The large hill has a construction point (K-point) of 112 m and the normal hill of 90 m. During the Olympics, 45,000 people attended the normal hill event while 90,000 spectated the large hill event. The large hill record jump of 116.0 m was set by Matti Nykänen during the Olympics.

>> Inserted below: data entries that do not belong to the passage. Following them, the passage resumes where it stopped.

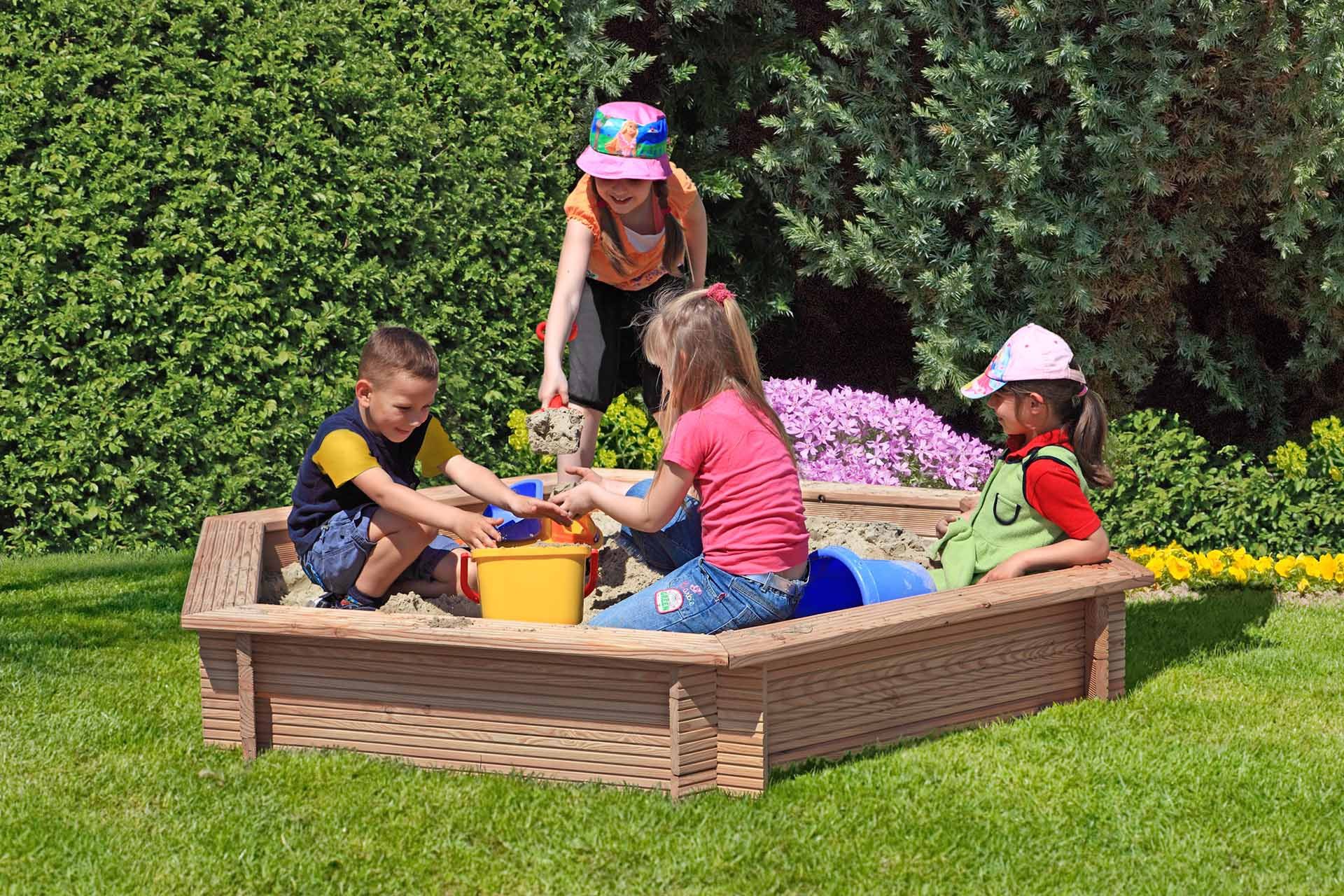 Mega großer Sandkasten - 230 cm im Durchmesser! Selbst beim Kindergeburtstag wird es in diesen Sandkästen nicht zu eng. Schneller Aufbau durch Steckbauweise.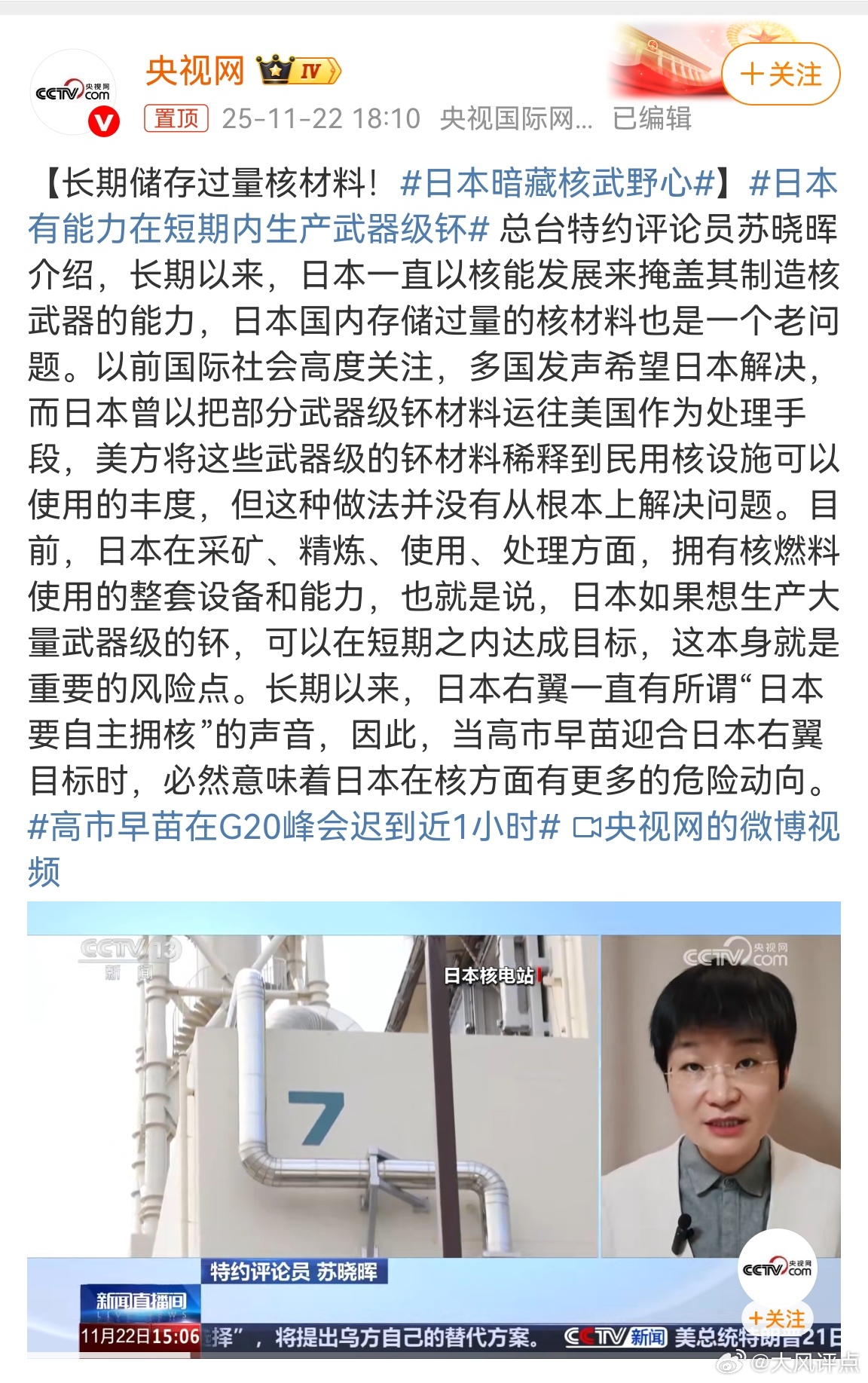核野心昭然若揭 日本拥核风险敲响警钟日本以核能和平利用为幌子,长期囤积超47吨钚(可造6000枚核弹),暗藏武器级核材料,其核野心早已昭然若揭。从完整核燃料循环体系到短期量产武器级钚的能力,日本步步为营突破核约束。高市早苗迎合右翼推动修改“无核三原则”,更是危险信号。美方稀释核材料的敷衍处理,未能堵住漏洞。作为核爆受害国,日本却无视国际关切,妄图染指核武器,不仅践踏核不扩散体系,更给东北亚安全埋下巨雷。国际社会必须严阵以待,遏制其危险试探。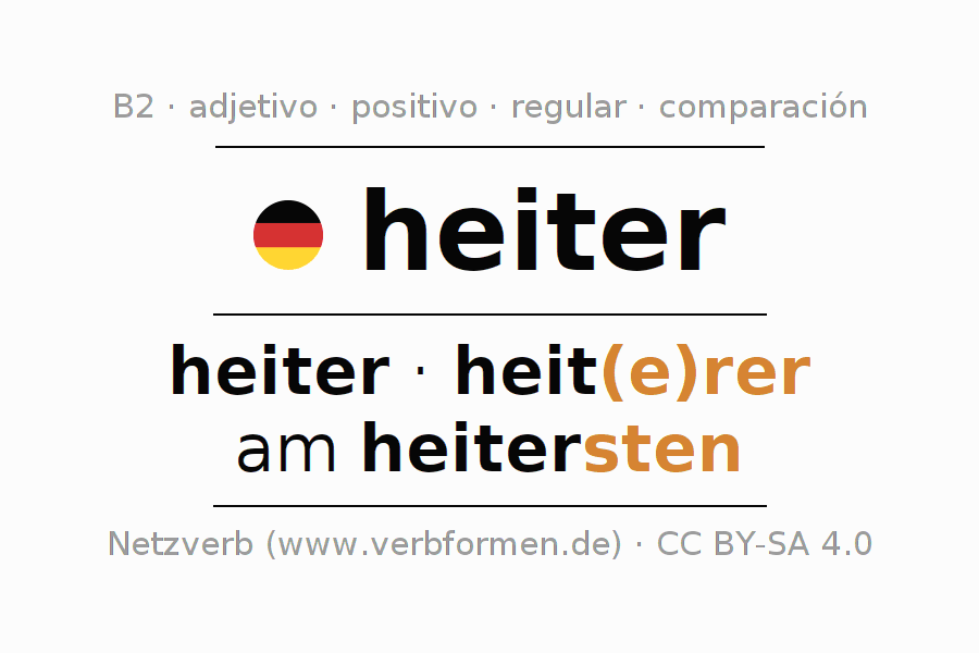 El adjetivo heiter se declina (alegre, sereno) utilizando las construcciones de comparación. Las terminaciones necesarias para la exaltación, comparación y el superlativo son er/sten. El adjetivo heiter puede ser utilizado de forma atributiva en frente de un sustantivo así como de forma predicativa en conjunto con un verbo.Aquí puedes declinar y comparar no solamente heiter sino también todos los adjetivos alemanes. Comentarios ☆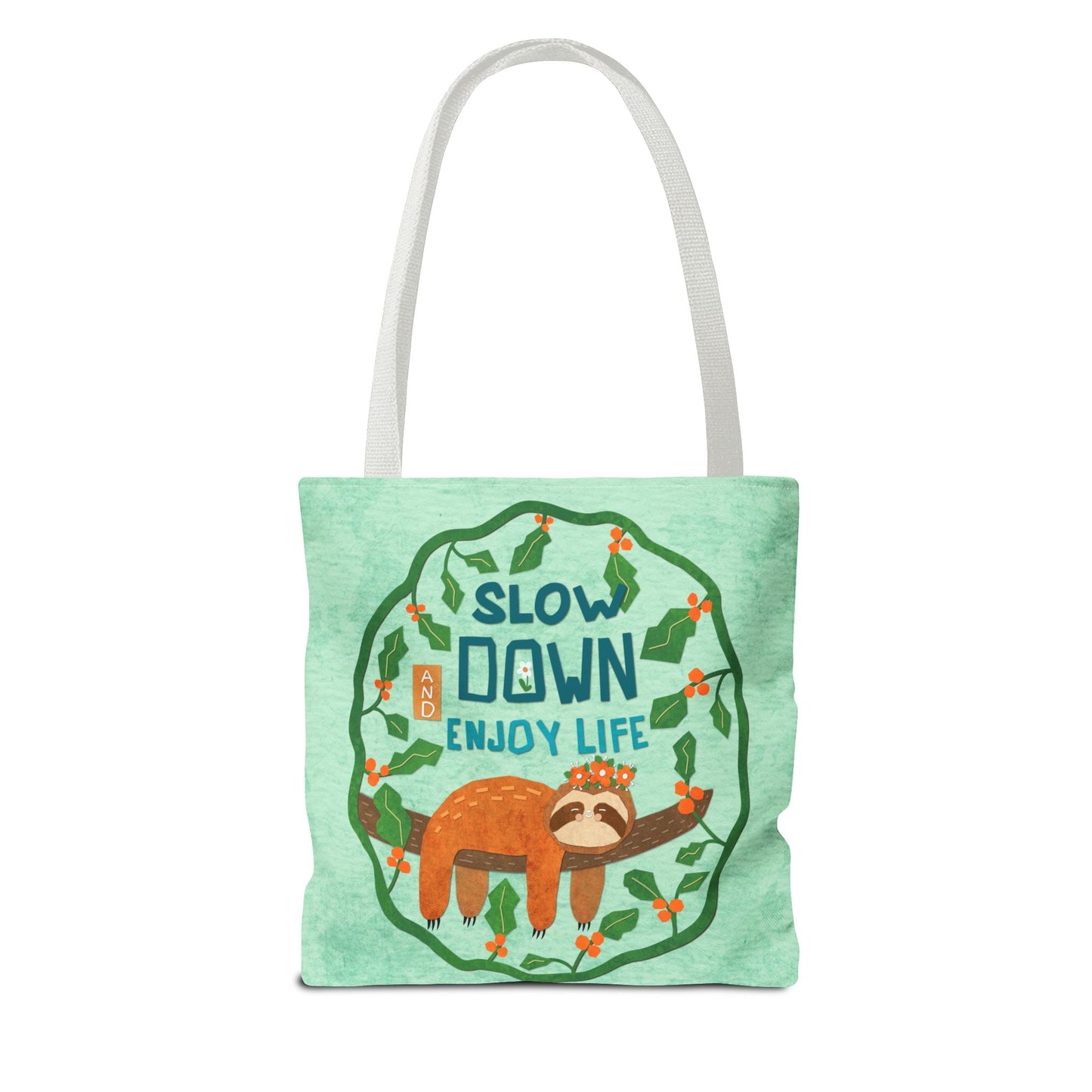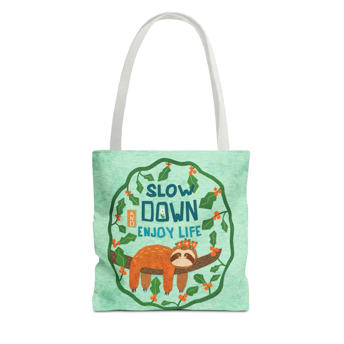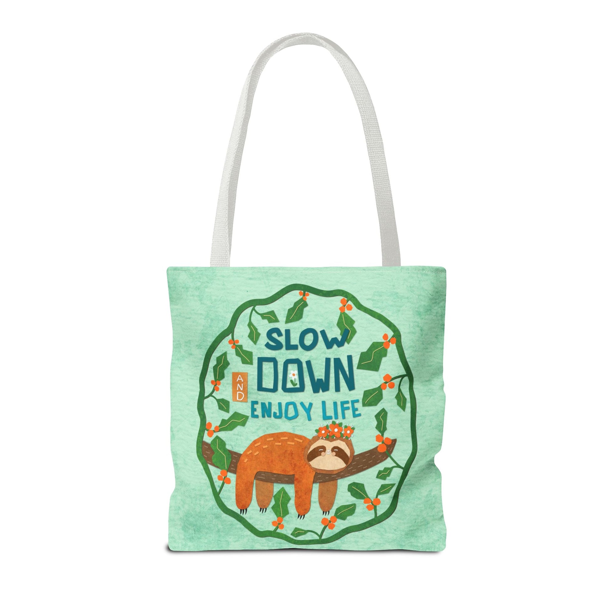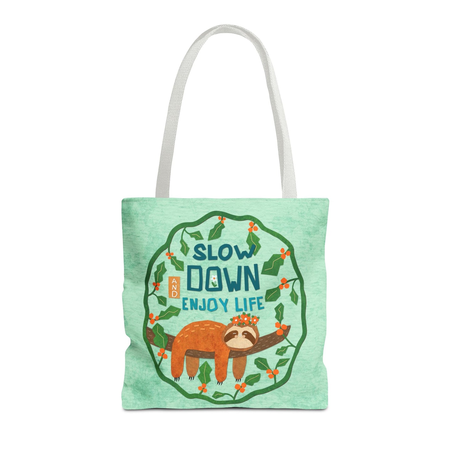 Take things slow and stylish with this charming tote bag featuring a hand-cut collage illustration of a flower-crowned sloth hanging peacefully from a tree branch. Encircled by lush green leaves and playful orange berries, this sweet scene is paired with hand-lettered text that reads: “Slow Down and Enjoy Life.”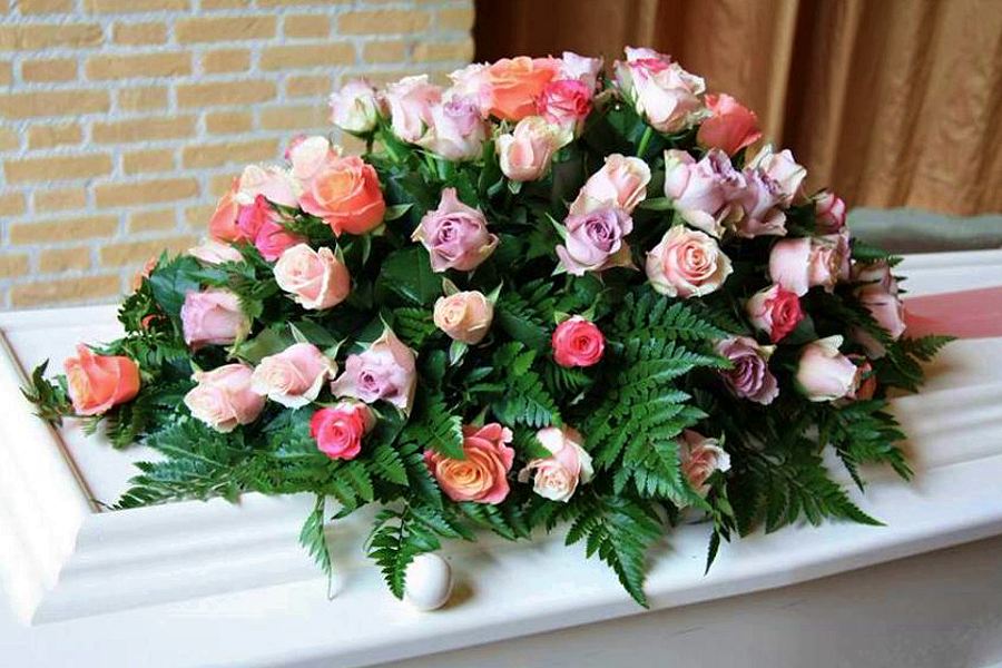For the lover of roses, this casket spray is designed with an pretty assortment of roses and leather fern.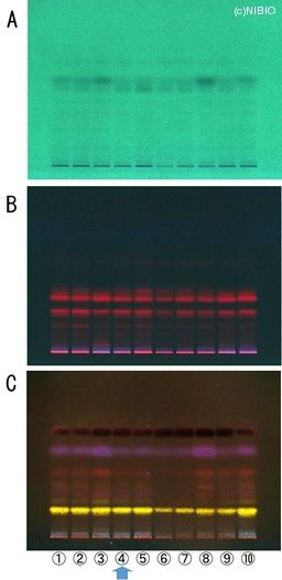 | Memo | A. 254nm B. 366nm C. 4-メトキシベンズアルデヒド・硫酸試液噴霧後366 nm ① NIB-0853 ② NIB-0854 ③ NIB-0855 ④ NIB-0856 ⑤ NIB-0857 ⑥ NIB-0858 ⑦ NIB-0859 ⑧ NIB-0860 ⑨ NIB-0861 ⑩ NIB-1114 |

The normal hill record of 95.0 m was set by Yugoslavia's Primož Ulaga in 1983.

==Events==
===Men===

| Date | Size | Competition | Winner | Second | Third |
|---|---|---|---|---|---|
| 12 February 1984 | K-90 | OG / WC | DDR Jens Weißflog | FIN Matti Nykänen | FIN Jari Puikkonen |
| 18 February 1984 | K-112 | OG / WC | FIN Matti Nykänen | DDR Jens Weißflog | TCH Pavel Ploc |

The only FIS-sanctioned event to take place at Igman was ski jumping and Nordic combined at the 1984 Winter Olympics. The ski jumping competitions doubled as a part of the FIS Ski Jumping World Cup. The normal hill event was won by East Germany's Jens Weißflog ahead of Nykänen. The two reversed top places in the large hill event. The Nordic combined event was won by Norway's Tom Sandberg ahead of Finland's Jouko Karjalainen and Jukka Ylipulli.

Igman was included in the Sarajevo bid for the 2010 Winter Olympics. Despite Sarajevo being the only previous host city to bid, it was largely regarded as the weakest bid, primarily due to its lack of infrastructure after the war.